Tag: Small Business Inventory Management

  • Small Business Inventory Management

    Managing inventory variability is a constant struggle in business one tool to help manage this is a regression analysis. A regression analysis is a statistical assessment of date that seeks to identify a general overlaying trend. It defines a sample set of date as a line. Like all statistical tools a regression analysis has limitations and without an intuition of the sample data a regression analysis is useless. The following is a sample of how a regression analysis could be used in small business inventory management and how knowledge of the real world implications was taken into account.

    As an operations engineer of an aluminum and bronze casting facility that produces a proprietary line of electrical transmission components it was my job to address product requisitions, generate quotes and do what I can to make the fulfillment of orders go smoothly. One of the dilemmas that we faced was providing parts with a minimal lead time.

    More often then not customers came to us looking for parts they needed quickly, and in the world of power transmission a day can mean thousands upon thousands of dollars lost. We did what we could to get the needed parts out as fast as we could but if a part was not on the shelf there would most certainly be a delay. It isn’t practical to maintain a large inventory all the time due to the carrying costs involved so, as an alternative we kept a select inventory of our most popular parts available.

    As our name grew and more people heard about the product line, our market share also saw growth.
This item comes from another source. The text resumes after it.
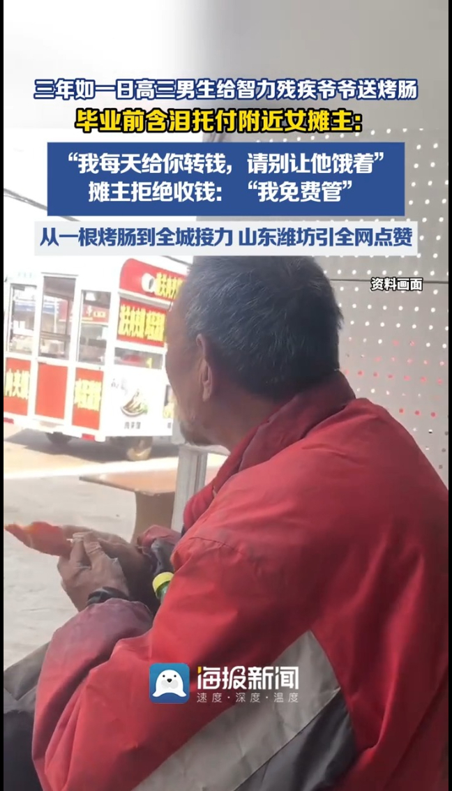 “我每天给你转烤肠钱,麻烦送给老爷爷,我怕我毕业走了,他会挨饿。”在山东潍坊,一高三男生,三年每天买根烤肠送给校门口智力残疾的老爷爷。毕业前,他含泪托付烤肠摊主,恳请她接力。三年了,一千多个日夜,这份无声的善意,没有张扬,没有合影,甚至没有人知道他在做这件事。直到毕业在即,他不得不离开,才被人知晓。

This selective inventory model worked nicely for us but with the continual rise in sales comes a need for more parts on hand. The question became; at what rate should we continue to add to our selective inventory?

    Each part had a separate demand so for the sake of this exercise I focused on only one item. I have gathered the quantities sold of this part over a 34 month period. The data is as follows:

    Monthly

    date By Month

    Sum Of qty

     

     

    January 2003

    245

    February 2003

    186

    March 2003

    55

    April 2003

    326

    May 2003

    510

    June 2003

    329

    July 2003

    110

    August 2003

    52

    September 2003

    677

    October 2003

    100

    November 2003

    37

    December 2003

    362

    January 2004

    1014

    February 2004

    45

    March 2004

    136

    April 2004

    186

    May 2004

    196

    June 2004

    60

    July 2004

    213

    August 2004

    239

    September 2004

    191

    October 2004

    151

    November 2004

    32

    December 2004

    190

    January 2005

    1003

    February 2005

    100

    March 2005

    361

    April 2005

    154

    May 2005

    161

    June 2005

    561

    July 2005

    338

    August 2005

    135

    September 2005

    820

    October 2005

    1259

    Now that we have the data we can plot a regression and see our trend. Using Excel QM we find the definition of this trend line to be Y=8.52X+160

    As you can see our quantities are all over the place but there is an indication that we were experiencing an upward trend in our average volume.

    This regression suggests that we were selling 8.52 additional parts every month. If this were the case it would be wise to add 8.52 additional parts to our on hand inventory every month to compensate. The result would be an out put that doubles roughly every 2 years.
    A product that doubles in sales every two years is a great for a company but lets look at the over all sales for each year to see how they match up. Taking a step back to make sure we see the full picture proved to be prudent.  

    Yearly

    date By Year

    Sum Of qty

     

     

    2003

    2989

    2004

    2653

    2005

    4892

       The data that we used to generate our regression shows a dip in sales in 2004 and a spike in 2005. It would be wise to take note of this as the deviation in sales is a good indication that the demand is not constant. If our demand isn’t constant we need to be careful about producing more parts then what we can sell.

    One way to combat this is to make the on site inventory a function of the prior month’s sales. Knowing that the ratio of standard orders to rush orders was about 7:1 we could determine a good starting point for our inventory to be 20% of the prior month’s sales. While this may result in a larger on site inventory then what is required for rush orders, it is more then likely not going to exceed the quantity that we will sell for the month.

    Every bit of data helps us determine what tomorrow might bring but no extent of data will ever insure us as to what tomorrow will bring. The regression analysis provided an indication to our macro rate of change while a quick look at our over all sales showed us that the distribution of sales was not uniform.

    A good practice would be to continually run the regression analysis for different time periods and see if perhaps we could identify potential cycles or seasonal trends that we could later exploit in order to maximize profit.

    I hope this illustrates how a tool like a regression analysis can be helpful but could lead to making wrong decisions if the practical circumstances are not understood. Many people right out of college have a great deal of tools under their belt but often do not know how to properly us them in the real world. My hope is that this illustration will push you to better understand your problems before spouting off a potential solution.